O que é ainda mais alarmante sobre o caso dessa paciente da Pennsylvania é que a E. coli tornou-se resistente à colistina não por mutação, mas pela aquisição de um fragmento de DNA chamado plasmídeo que carrega o gene da resistência. Esses plasmídeos se transmitem facilmente de uma bactéria para outra.

"A recente descoberta de um gene de resistência à colistina transmitido por plasmídeo, o mcr-1, pressagia o aparecimento de bactérias verdadeiramente panresistentes" registram os autores, todos associados ao Walter Reed National Military Medical Center em Maryland.

Embora os autores digam que este é o primeiro relato de mcr-1 nos Estados Unidos, o gene da resistência à colistina já apareceu em bactérias em outros países, em especial na China.

A paciente da Pennsylvania informou não ter viajado nos últimos cinco meses. O estudo não informou o seu quadro clínico atual.

"Uma vigilância ininterrupta para determinar a real frequência deste gene nos EUA é crucial", observam os autores.

Em seu discurso de hoje, o Dr. Frieden referiu-se à colistina como o último antibiótico disponível "para o que eu chamo de bactérias de pesadelo, as enterobactérias resistentes aos carbapenêmicos (ERC)".

Acontece que a infecção da paciente da Pennsylvania não é resistente aos carbapenêmicos, disse outro funcionário do CDC ao Medscape. No entanto, o Dr. Christopher Braden, médico, diretor-adjunto do National Center for Emerging and Zoonotic Infectious Diseases do CDC, advertiu que o gene de resistência à colistina transmitido por plasmídeo poderia se transferir para as ERC ou qualquer outra superbactéria, tornando-as ainda mais letais.

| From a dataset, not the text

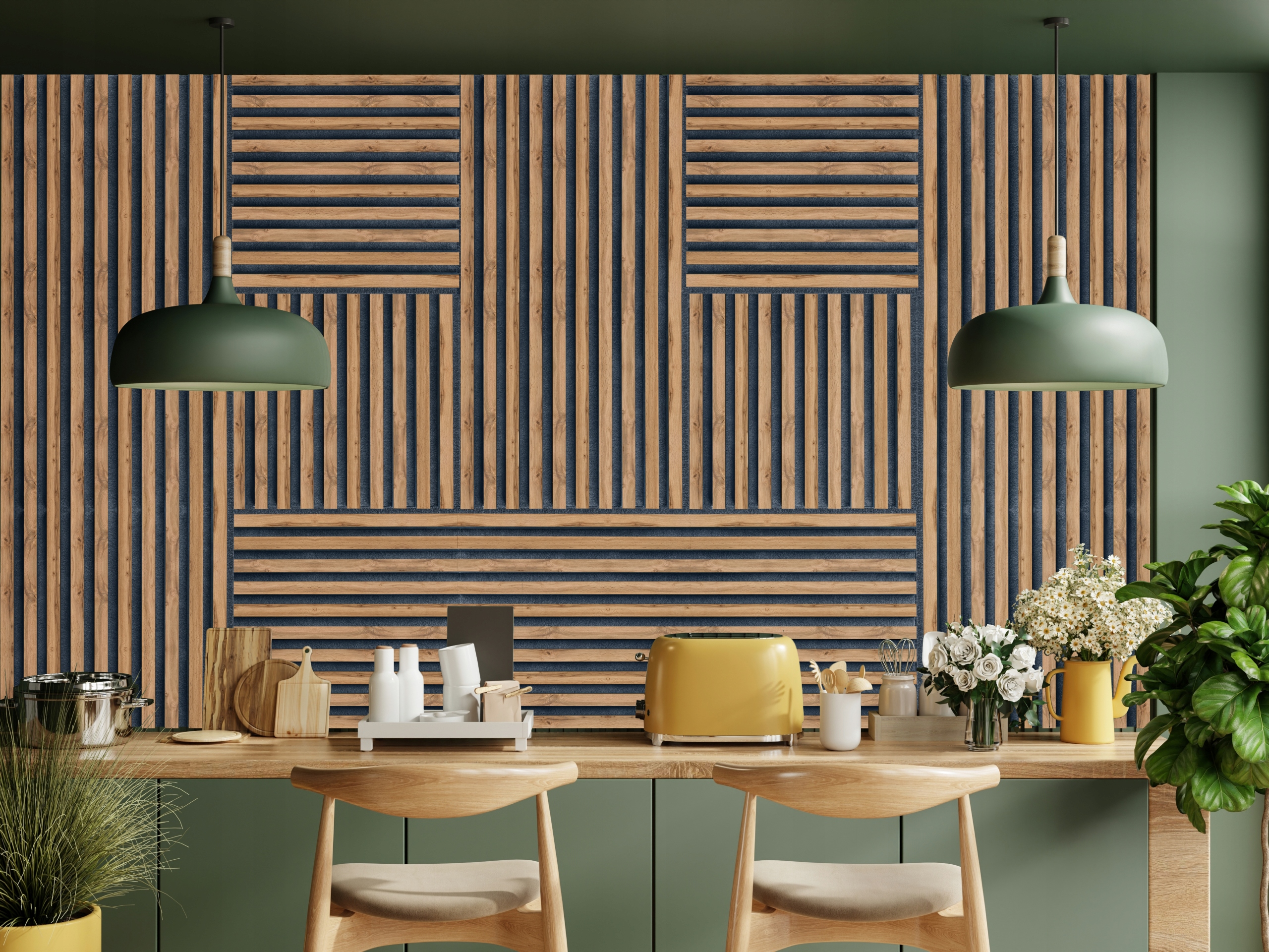 Чорні сторони ламелей надають додаткової глибини та покращують загальний ефект на стіні.

O CDC e o Departamento de Defesa dos EstadosUnidosestão trabalhando junto com o Departamento de Saúde do estado da Pennsylvania (na sigla em inglês, DPH)para investigar o caso da E. coli resistente à colistina, segundo um comunicado de imprensa do DPH. O departamento informou que uma lei estadual impede a revelação dos detalhes específicos sobre a investigação ou a paciente.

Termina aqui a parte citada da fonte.